You're just a body at that point and could be anyone.

newleafontheplantjohn · 26/08/2024 12:16

BrigadierEtienneGerard · 26/08/2024 09:26

If I had £1 for everyone (of any gender) who did NOT think of someone else during sex at some time or the other, I wouldn't have enough to buy a packet of crisps.

(And we're not talking expensive gourmet crisps here.)

Really?

I don't think I've ever done this.

I'm not really thinking of anything during it.

Maybe I'm in the minority.

00BonneMaman00 · 26/08/2024 12:22

It's not ok. Imo.

GreyCarpet · 26/08/2024 12:26

BrigadierEtienneGerard · 26/08/2024 09:26

If I had £1 for everyone (of any gender) who did NOT think of someone else during sex at some time or the other, I wouldn't have enough to buy a packet of crisps.

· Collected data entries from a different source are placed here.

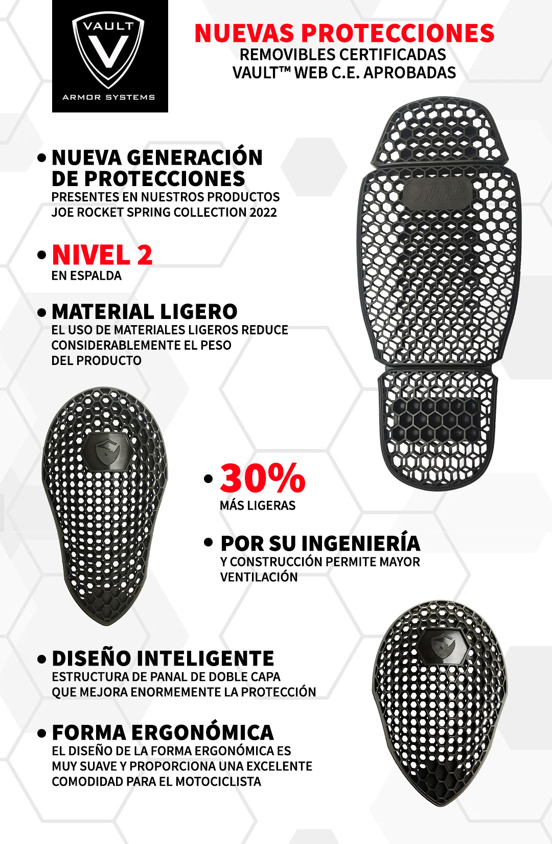 Sus refuerzos de aramida en hombros y codos la hacen más resistente a la fricción, lo que hará que te sientas cómodo y seguro.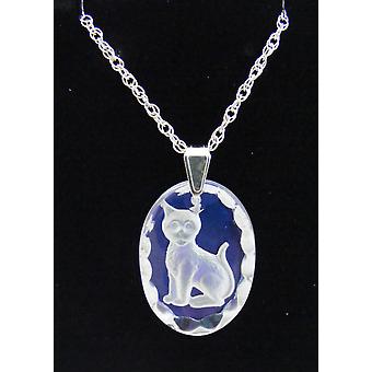 Ice Blue Oval Cat Crystal Pendant Necklace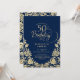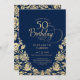 Invitation d'anniversaire 50 ans élégante bleu marine or. Design classe avec des roses, fausse feuille d'or et police de caractères script. Carte d'invitation tendance parfaite pour une célébration d'anniversaire féminine stylée. Personnalisez avec vos propres détails. Peut être personnalisé pour n'importe quel âge. Cartes d'invitation Zazzle imprimées ou modèle de template numérique imprimable instantané.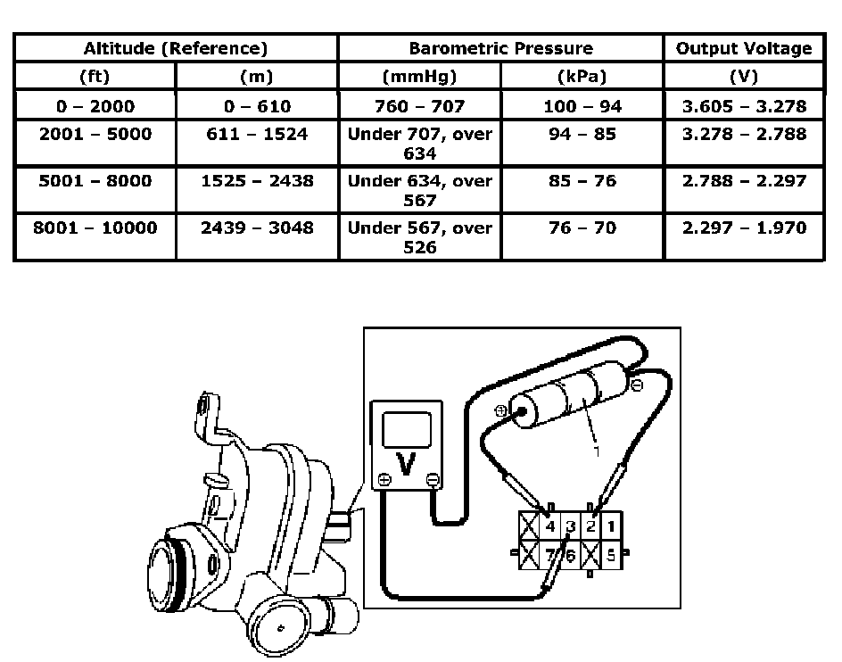 EVAP leak check pressure sensor output voltage for initial (barometric) pressure (Terminal "4" voltage 4.5 - 5.5 V, ambient temp. 20 - 30 degrees C (68 - 86 degrees F))

(And we're not talking expensive gourmet crisps here.)

How many people have you asked about this? Exactly?

Dery · 26/08/2024 12:46

“It's not something I've ever discussed in a relationship precisely because I don't want to know. But I think I'd feel very used if i knew someone was having sex with me because I was there but not the person they wanted to be having sex with at that moment.

You're just a body at that point and could be anyone.”

@GreyCarpet - I agree with you on loads of what you post but I disagree with you on this. That’s fine if course - there is rarely one single right answer to any question.

But it’s wrong to say my DH is just a body at this point. He is still the man I’m choosing and I’m still aware of him. The fact that I throw a bit of fantasy in does not prevent me remaining connected with DH or being aware that it is him I’m engaging with or that it is him giving me pleasure.

As this thread shows, fantasy is not for everyone but many of us do indulge in fantasy during sex. @TreeTopple - you may want to check out Nancy Friday’s “Secret Garden” (which I have read) or the recent Gillian Anderson book about female fantasies (which I haven’t). This might reassure you or you might decide that fantasising during sex is not for you.

GreyCarpet · 26/08/2024 12:59

Dery · 26/08/2024 12:46

“It's not something I've ever discussed in a relationship precisely because I don't want to know. But I think I'd feel very used if i knew someone was having sex with me because I was there but not the person they wanted to be having sex with at that moment.

You're just a body at that point and could be anyone.”

@GreyCarpet - I agree with you on loads of what you post but I disagree with you on this. That’s fine if course - there is rarely one single right answer to any question.

But it’s wrong to say my DH is just a body at this point. He is still the man I’m choosing and I’m still aware of him. The fact that I throw a bit of fantasy in does not prevent me remaining connected with DH or being aware that it is him I’m engaging with or that it is him giving me pleasure.

As this thread shows, fantasy is not for everyone but many of us do indulge in fantasy during sex. @TreeTopple - you may want to check out Nancy Friday’s “Secret Garden” (which I have read) or the recent Gillian Anderson book about female fantasies (which I haven’t). This might reassure you or you might decide that fantasising during sex is not for you.

Edited

Haha, likewise!

Obviously, everyone is different in a multitude of ways. Ove no doubt that past experiences have informed my thoughts on this because it does seem to be accepted and expected in many relationships.

I wasn't really suggesting that other people were doing it for those eaon either (preferring to be with someone else) but it how how I would feel.

Builtforspeednotcomfort · 26/08/2024 13:11

I don't think your cheating and if spices things up, carry on and enjoy. Though maybe don't mention this to your husband!